Situation
A large real-estate conglomerate engaged TCDI to review over one million documents following a substantial data breach. They were required to identify individuals whose Personally Identifiable Information (PII) may have been impacted.
During this project, TCDI leveraged its Process-Driven AI approach, which involved a combination of legal process optimization, legacy AI technologies, Generative AI technologies, and human validation through TCDI’s Military Spouse Managed Review (MSMR) program. This approach demonstrated remarkable efficiency and cost effectiveness in handling the PII notification review.
Reduced Document Population by 97%
using legacy-AI tools and metadata culling
Resolution
Given the immense volume of data, TCDI began the engagement by running the data set against its extensive list of PII categories and search terms. Starting with an initial volume of 1,060,742 documents, using legacy AI tools and metadata culling, TCDI was able to reduce the total data volume by 97%, resulting in 35,608 documents potentially containing PII.
These documents were then processed through a proprietary Generative AI tool by TCDI’s partner, TackleAI. The Gen AI tool identified 53 documents containing true PII that were reviewed and validated by TCDI’s MSMR team. In addition, the MSMR team manually reviewed exception documents, which represented less than 3% of the data set.
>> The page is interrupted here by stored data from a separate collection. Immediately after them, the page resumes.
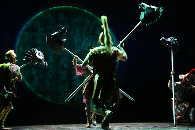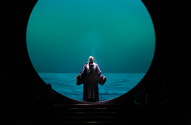 The storyteller Gower, whose history of Pericles apparently sat at Shakespeare’s side as he wrote, is a mammoth figure in this production. He not only stands in a gargantuan orb which circles the sea during the journey of the hero, but comes stage front to urge the story on. Raphael Nash Thompson takes the world in his large embrace, which also often reaches to heaven.
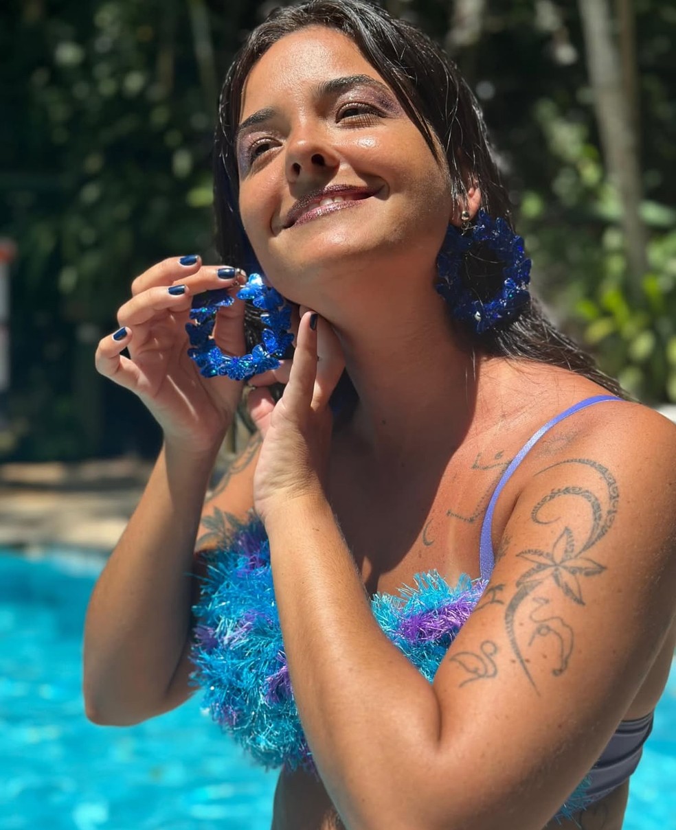 — Comprei esse brinco especialmente para este bloco. Escolhi essas cores porque sinto que a galera está numa vibe mais neon,mais iluminada,trazendo mais vida e alegria para o nosso carnaval — conta.
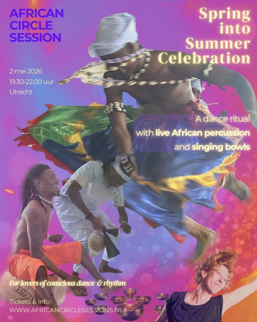 De avond ontvouwt zich als een dansreis met live polyritmische percussie uit Bénin (West-Afrika), geïmproviseerde muziek en klankhealing.
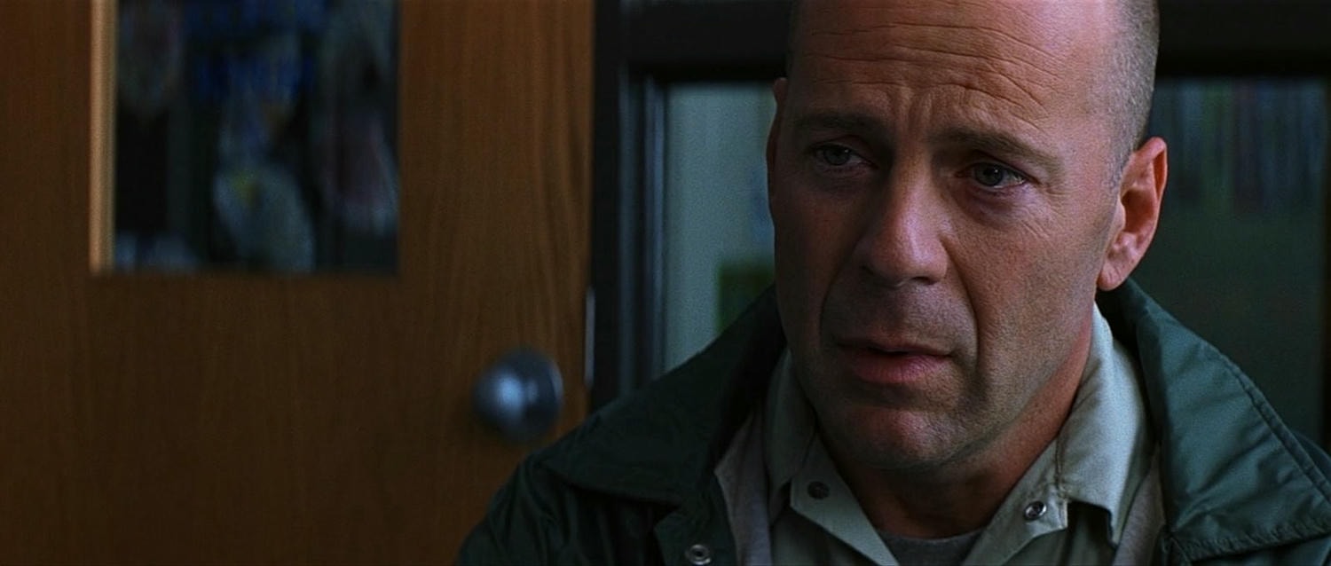 布魯斯威利/Bruce Willis 飾演 鄧大衛/David Dunn,體育場保全,男主角。布魯斯威利演這部電影時約45歲。
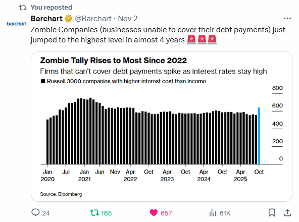 That debt rolled and rolled. Now rates are higher and liquidity is thinner, so the interest bill > income. That’s a zombie—living off credit, not cash flow.
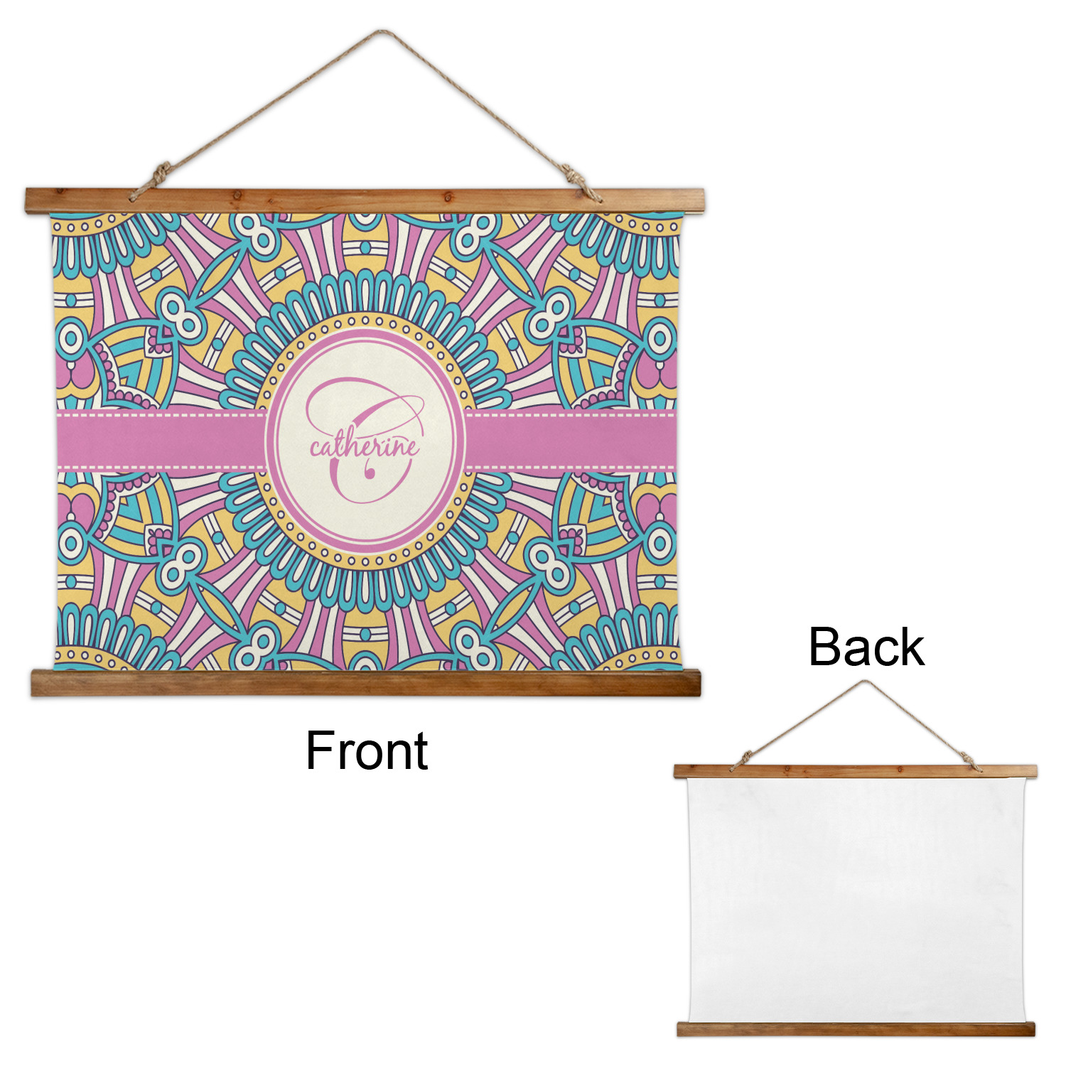 The designs main feature is its beautiful pattern. The pattern is filled with intricate detail and bohemian style shapes. The colors are a drastic difference from what you would normally see in a bohemian design, making this design all the more unique. You are able to put your personalization in the frame in the middle. The colors you will find are a bubble gum pink, teal, light yellow, and white.

Exception documents included documents that were considered too large, too small, or those containing no text.
Once the identified document IDs from the notification list were reviewed, TCDI’s MSMR team performed two additional rounds of QC. The first round, QC Set 1, involved two statistical samples of 381 documents from the Generative AI-processed set that were not flagged for PII. The second set, QC Set 2, included two sequential statistical samples of 385 documents that were excluded from Generative AI processing (null set) to verify proper culling during the legacy AI data reduction.
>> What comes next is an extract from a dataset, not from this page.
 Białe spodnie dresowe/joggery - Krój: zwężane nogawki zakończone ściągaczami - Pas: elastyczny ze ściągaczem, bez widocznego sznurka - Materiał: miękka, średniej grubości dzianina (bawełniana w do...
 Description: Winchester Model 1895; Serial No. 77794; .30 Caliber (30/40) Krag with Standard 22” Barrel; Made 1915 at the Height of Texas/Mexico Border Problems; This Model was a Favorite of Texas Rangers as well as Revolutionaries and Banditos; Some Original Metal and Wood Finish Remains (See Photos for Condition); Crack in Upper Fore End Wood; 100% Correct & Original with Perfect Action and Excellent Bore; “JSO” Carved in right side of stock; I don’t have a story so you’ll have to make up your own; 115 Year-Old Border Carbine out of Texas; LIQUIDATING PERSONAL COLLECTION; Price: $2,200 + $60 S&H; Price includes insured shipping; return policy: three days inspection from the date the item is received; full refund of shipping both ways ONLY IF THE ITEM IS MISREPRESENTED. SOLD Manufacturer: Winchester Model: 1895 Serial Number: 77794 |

Through this QC process, one document in QC Set 1 was identified as having PII but was not flagged by Gen AI due to PII being in a foreign language. TCDI’s team worked closely with TackleAI to update the Gen AI prompts, and the analysis was rerun on the document set to include targeted terms, identify additional foreign language, and ensure no other iterations of the PII existed. In addition, eight documents containing handwriting were identified which were manually reviewed by the MSMR team. No errors were found in QC Set 2. At project conclusion, the total notification list included 48 individuals.
Impact
Through TCDI’s Process-Driven AI approach, the MSMR team achieved remarkable results for our client, including 90% automation of review work. This resulted in over 60% reduction in total project costs while maintaining superior quality and consistency across the data set.
In addition, by maintaining the “human-in-the-loop” approach through human QC and validation, the project was able to achieve its objectives with exceptional accuracy and speed. Most importantly, the notification list was completed within a 1.5-week period, significantly outpacing traditional PII review timelines for similar data set sizes which would typically take 3-4 weeks with aggressive data reduction or up to 3 months without it.